Items from a data source
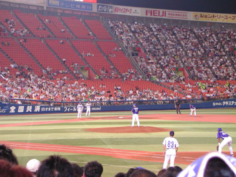 客がいたのには驚いた。おおらかな球場だ。試合前に少年野球の選手たちにコーチがノックしていたことには感心
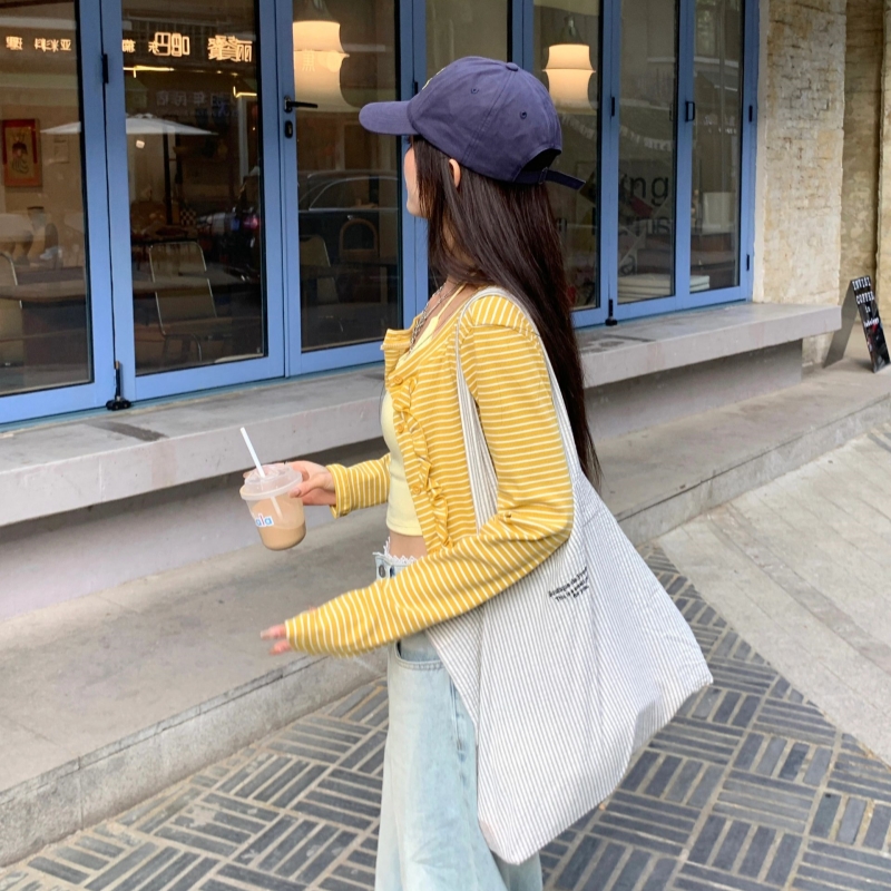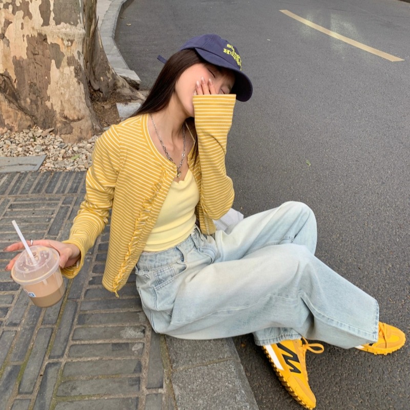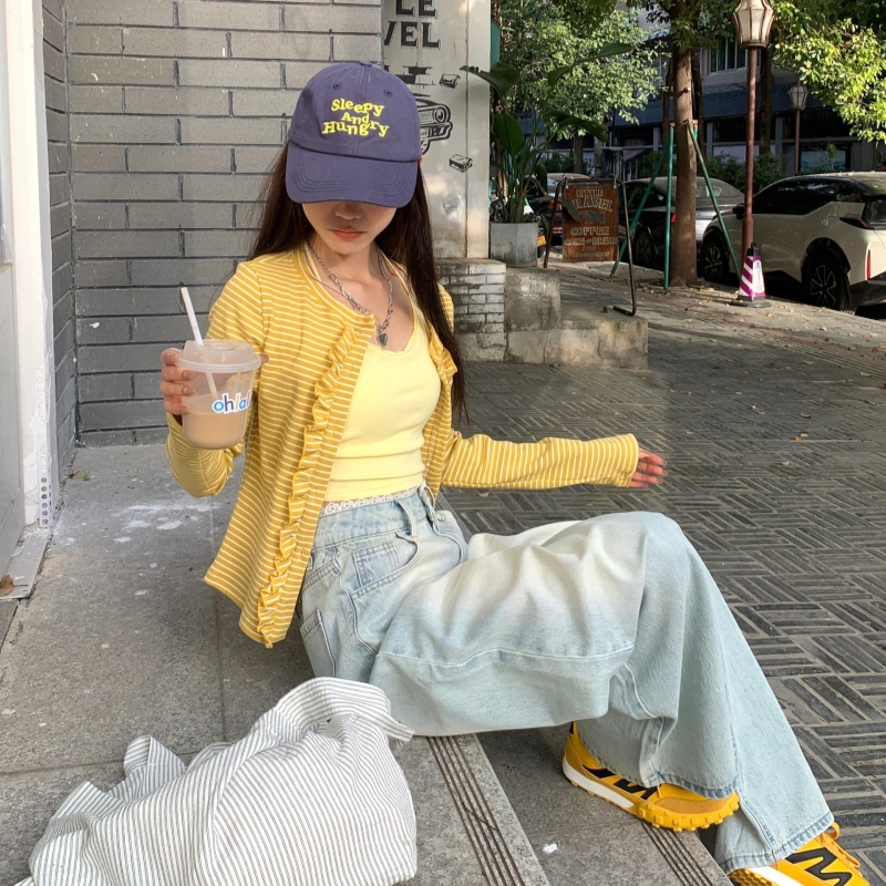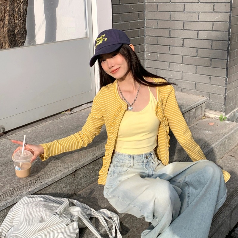 FA35453# 条纹木耳花边针织衫秋冬季新款多巴胺亮色修身减龄开衫外套女 服裝批發女裝批發服飾貨源
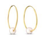 14K Yellow Gold Floating Pearl Endless Hoop Earrings, with their simple form and delicate pearl detail, can be worn with both everyday outfits and special occasion attire. Appealing to all ages and styles with their chic look, this design offers both elegance and sophistication. Order now and don’t miss out on free shipping and special discounts.
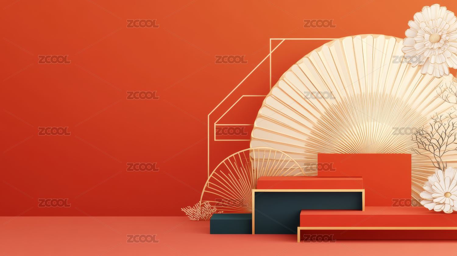 红色背景节日主题电商产品展台
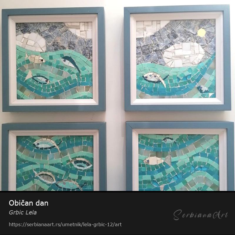 Delo čine 4 uramljena mozaika, svaki dimenzije 19x19 cm. Uramljeno 21x21 cm. Materijal: Prirodni kamen, venecijansko staklo i millefioriPodelite i promovišite ovo delo
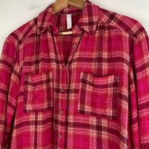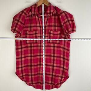 Pilcro Seamed Buttondown Size XS Pink Burgundy Plaid Tunic Top Blouse 70s Casual
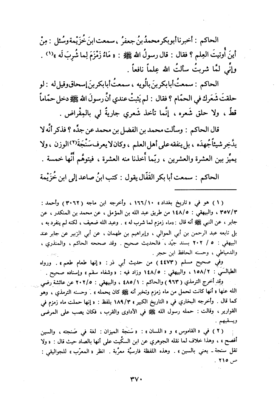 الحَاكِمُ: أَخْبَرَنَا أَبُو بَكْرٍ مُحَمَّدُ بنُ جَعْفَرٍ، سَمِعْتُ ابْنَ خُزَيْمَةَ وَسُئِلَ: مِنْ أَيْنَ أُوتِيتَ العِلْمَ؟ فَقَالَ:
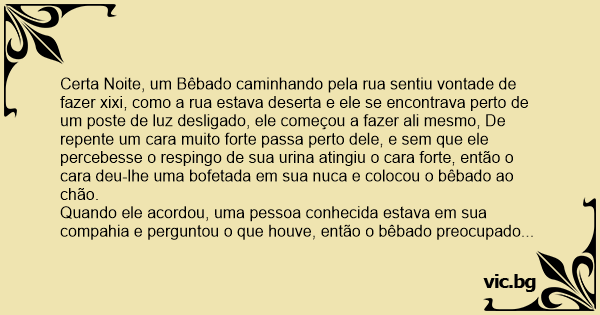 Certa Noite, um Bêbado caminhando pela rua sentiu vontade de fazer xixi, como a rua estava deserta e ele se encontrava perto de um poste de luz desligado, ele começou a fazer ali mesmo, De repente um cara muito forte passa perto dele, e sem que ele percebesse o respingo de sua urina atingiu o cara forte, então o cara deu-lhe uma bofetada em sua nuca e colocou o bêbado ao chão.
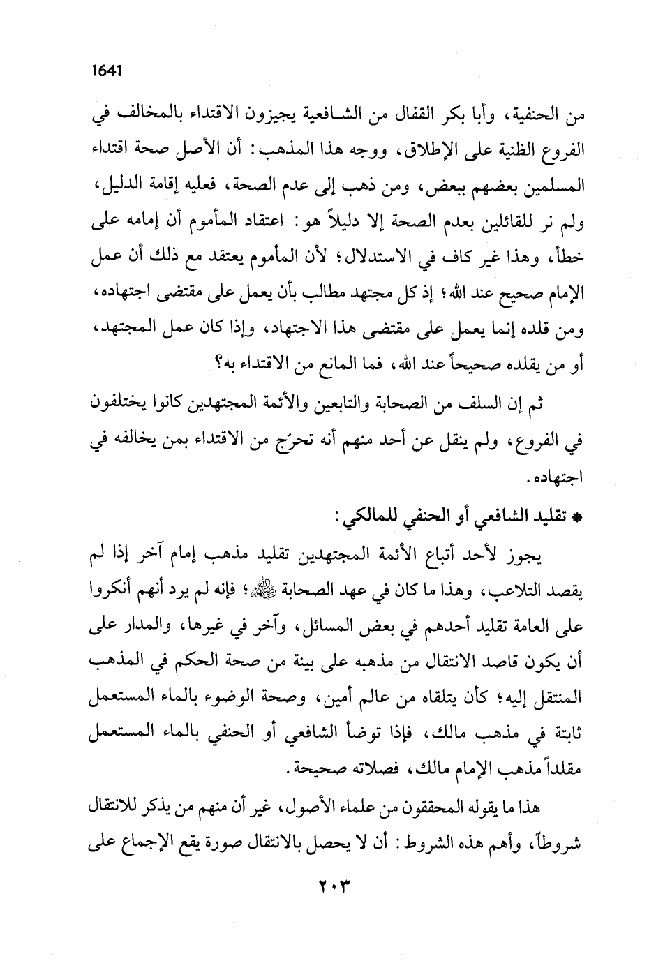 * تقليد الشافعي أو الحنفي للمالكي:
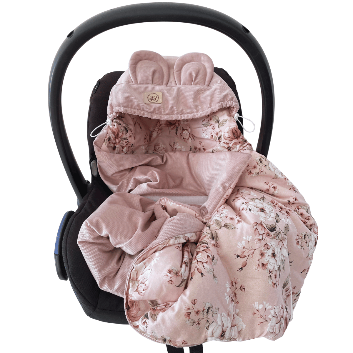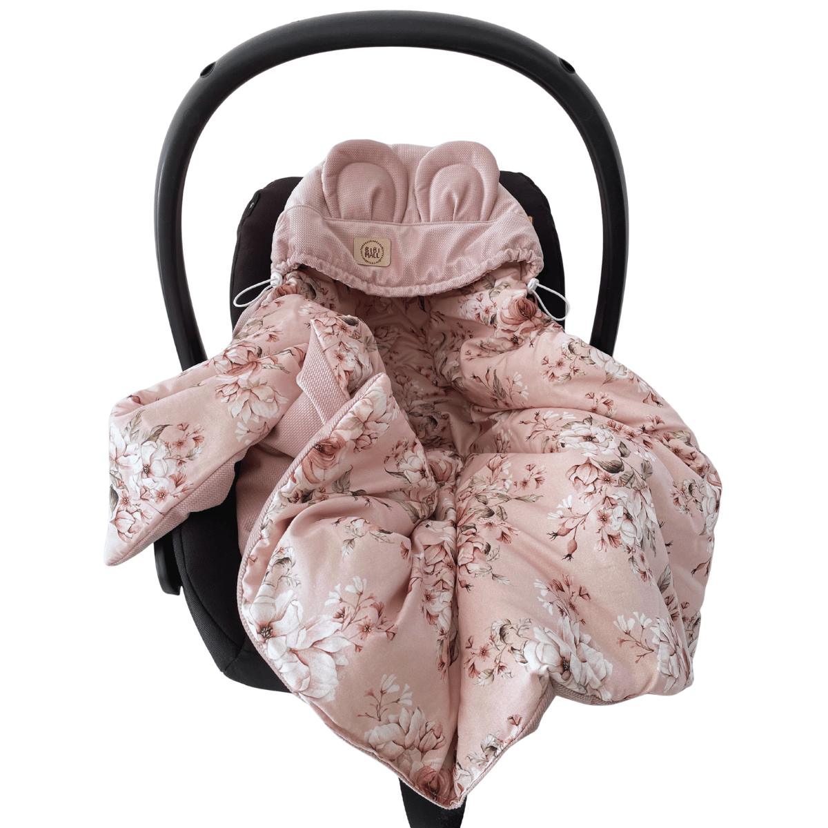 Otulacz do fotelika samochodowego różowy w kwiaty-uniwersalny
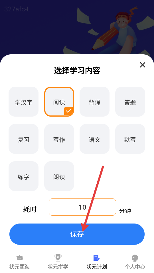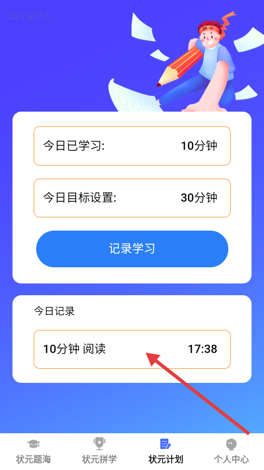 4、保存后,【状元计划】页面会显示今日已学习时长及今日记录。
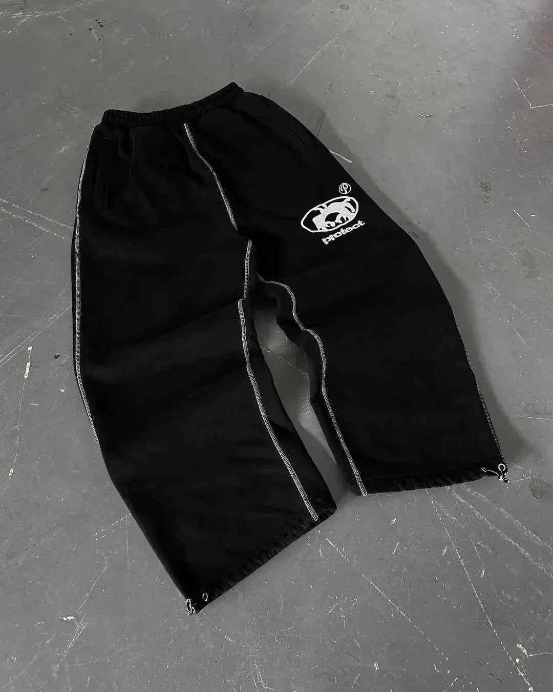 Material: Polyester-blend streetwear fabric (typical for retro joggers)

TASK DETAILS –
Your response should consist solely of the lines from the line with "Delo čine 4" through the last line of the entries above, printed exactly and without pictures.

TASK ANSWER –
 Delo čine 4 uramljena mozaika, svaki dimenzije 19x19 cm. Uramljeno 21x21 cm. Materijal: Prirodni kamen, venecijansko staklo i millefioriPodelite i promovišite ovo delo
 Pilcro Seamed Buttondown Size XS Pink Burgundy Plaid Tunic Top Blouse 70s Casual
 الحَاكِمُ: أَخْبَرَنَا أَبُو بَكْرٍ مُحَمَّدُ بنُ جَعْفَرٍ، سَمِعْتُ ابْنَ خُزَيْمَةَ وَسُئِلَ: مِنْ أَيْنَ أُوتِيتَ العِلْمَ؟ فَقَالَ:
 Certa Noite, um Bêbado caminhando pela rua sentiu vontade de fazer xixi, como a rua estava deserta e ele se encontrava perto de um poste de luz desligado, ele começou a fazer ali mesmo, De repente um cara muito forte passa perto dele, e sem que ele percebesse o respingo de sua urina atingiu o cara forte, então o cara deu-lhe uma bofetada em sua nuca e colocou o bêbado ao chão.
 * تقليد الشافعي أو الحنفي للمالكي:
 Otulacz do fotelika samochodowego różowy w kwiaty-uniwersalny
 4、保存后,【状元计划】页面会显示今日已学习时长及今日记录。
 Material: Polyester-blend streetwear fabric (typical for retro joggers)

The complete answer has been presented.